## EXERCISE MATERIAL
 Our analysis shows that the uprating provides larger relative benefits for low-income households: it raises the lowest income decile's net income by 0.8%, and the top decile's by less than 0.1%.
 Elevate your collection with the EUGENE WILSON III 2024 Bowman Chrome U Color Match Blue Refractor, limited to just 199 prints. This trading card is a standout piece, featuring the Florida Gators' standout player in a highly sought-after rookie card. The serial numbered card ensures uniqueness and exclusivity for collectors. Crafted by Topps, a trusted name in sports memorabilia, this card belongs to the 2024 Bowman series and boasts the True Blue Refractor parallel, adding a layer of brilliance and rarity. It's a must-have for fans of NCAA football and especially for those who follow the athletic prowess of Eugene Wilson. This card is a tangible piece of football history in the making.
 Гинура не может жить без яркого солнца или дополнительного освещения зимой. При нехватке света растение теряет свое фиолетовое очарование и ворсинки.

--

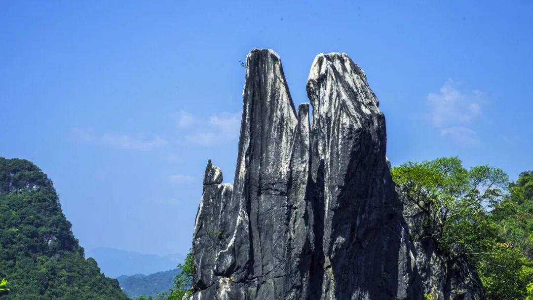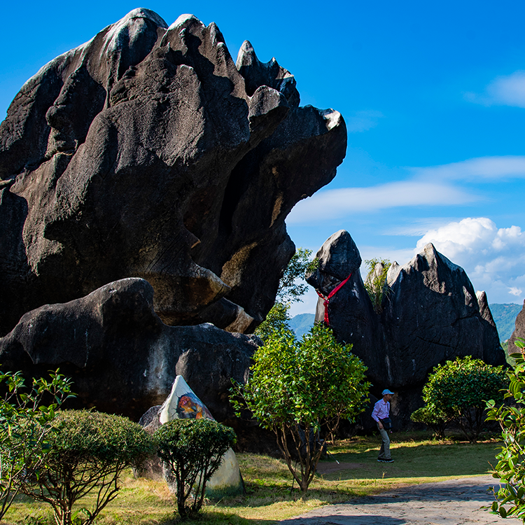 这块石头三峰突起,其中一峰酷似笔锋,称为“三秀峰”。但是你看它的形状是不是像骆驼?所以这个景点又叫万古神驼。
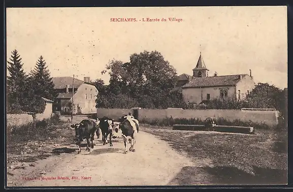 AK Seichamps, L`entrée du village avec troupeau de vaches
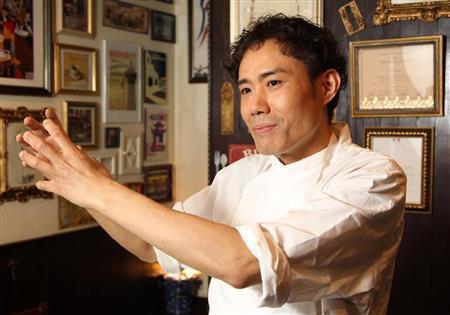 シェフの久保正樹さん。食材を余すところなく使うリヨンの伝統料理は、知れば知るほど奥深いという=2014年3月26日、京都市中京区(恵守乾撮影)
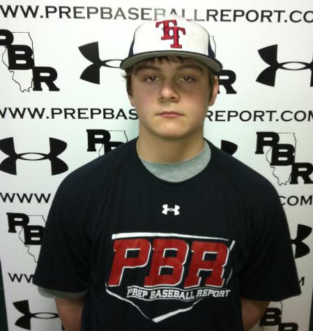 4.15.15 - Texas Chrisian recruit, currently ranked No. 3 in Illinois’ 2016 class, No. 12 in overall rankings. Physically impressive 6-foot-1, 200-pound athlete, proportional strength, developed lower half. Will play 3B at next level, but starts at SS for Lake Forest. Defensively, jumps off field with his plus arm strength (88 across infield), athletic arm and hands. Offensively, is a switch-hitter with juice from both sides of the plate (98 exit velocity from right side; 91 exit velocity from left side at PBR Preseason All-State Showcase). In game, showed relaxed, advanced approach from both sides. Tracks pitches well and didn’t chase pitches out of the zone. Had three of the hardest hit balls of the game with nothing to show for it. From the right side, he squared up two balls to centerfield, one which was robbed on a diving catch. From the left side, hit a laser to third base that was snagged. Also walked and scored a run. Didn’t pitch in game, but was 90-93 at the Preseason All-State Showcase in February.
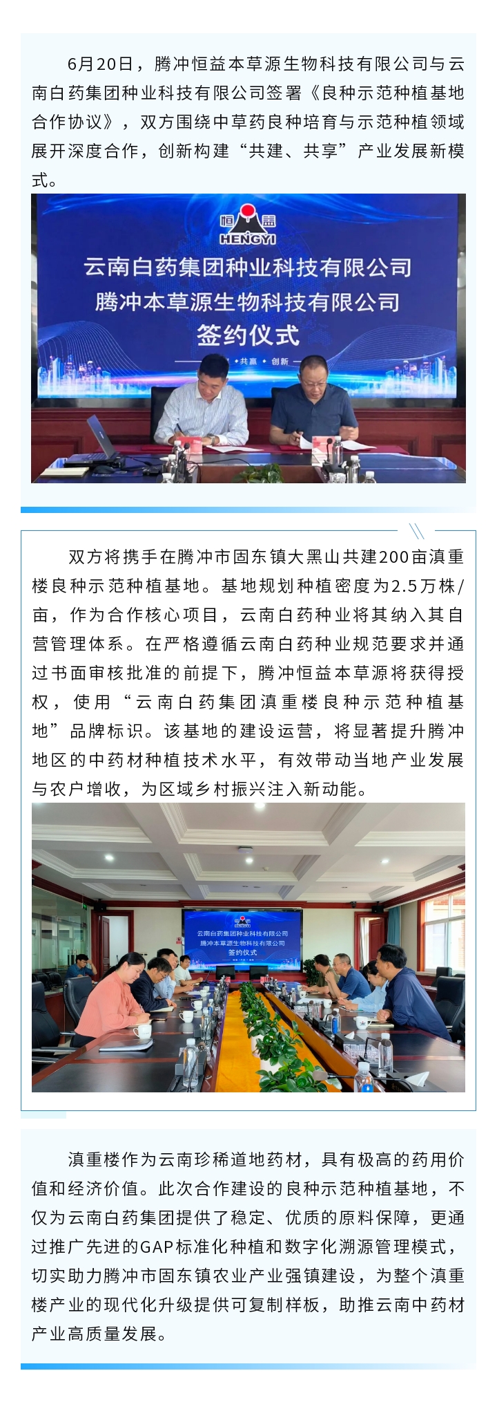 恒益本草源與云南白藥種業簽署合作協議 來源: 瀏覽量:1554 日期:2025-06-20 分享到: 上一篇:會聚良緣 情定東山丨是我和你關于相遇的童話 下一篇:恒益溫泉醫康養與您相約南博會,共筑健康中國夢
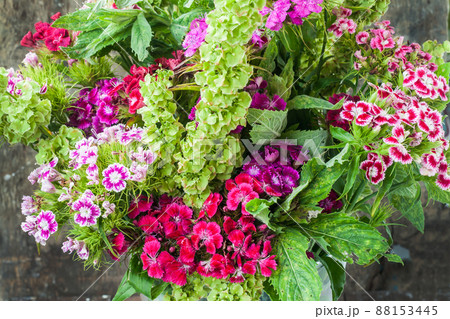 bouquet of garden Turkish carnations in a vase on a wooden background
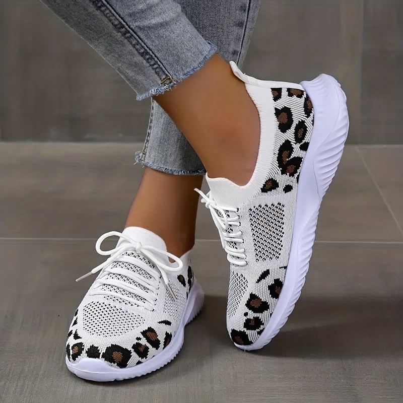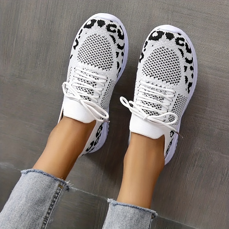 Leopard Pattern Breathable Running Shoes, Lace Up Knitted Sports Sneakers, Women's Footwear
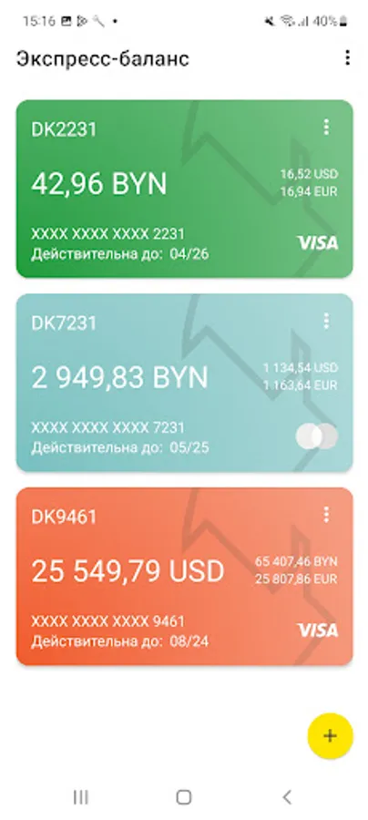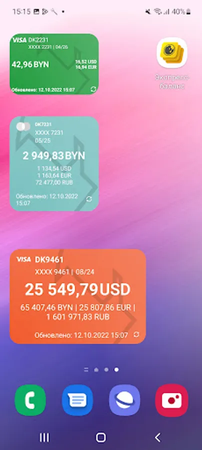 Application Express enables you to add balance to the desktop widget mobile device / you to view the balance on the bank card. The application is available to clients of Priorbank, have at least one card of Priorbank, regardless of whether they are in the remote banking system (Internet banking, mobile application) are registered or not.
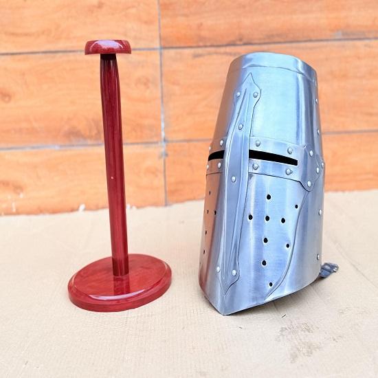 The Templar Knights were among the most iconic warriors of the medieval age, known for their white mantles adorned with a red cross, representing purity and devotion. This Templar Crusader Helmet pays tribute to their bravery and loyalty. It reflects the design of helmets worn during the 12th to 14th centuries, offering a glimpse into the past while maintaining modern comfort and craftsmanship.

## EXERCISE OBJECTIVE
Return exactly the lines that appear in the data above between the line containing "Leopard Pattern Breathable" and the line containing "Application Express enables", both of which are included, and leave the pictures out.

## RESPONSE
 Leopard Pattern Breathable Running Shoes, Lace Up Knitted Sports Sneakers, Women's Footwear
 Application Express enables you to add balance to the desktop widget mobile device / you to view the balance on the bank card. The application is available to clients of Priorbank, have at least one card of Priorbank, regardless of whether they are in the remote banking system (Internet banking, mobile application) are registered or not.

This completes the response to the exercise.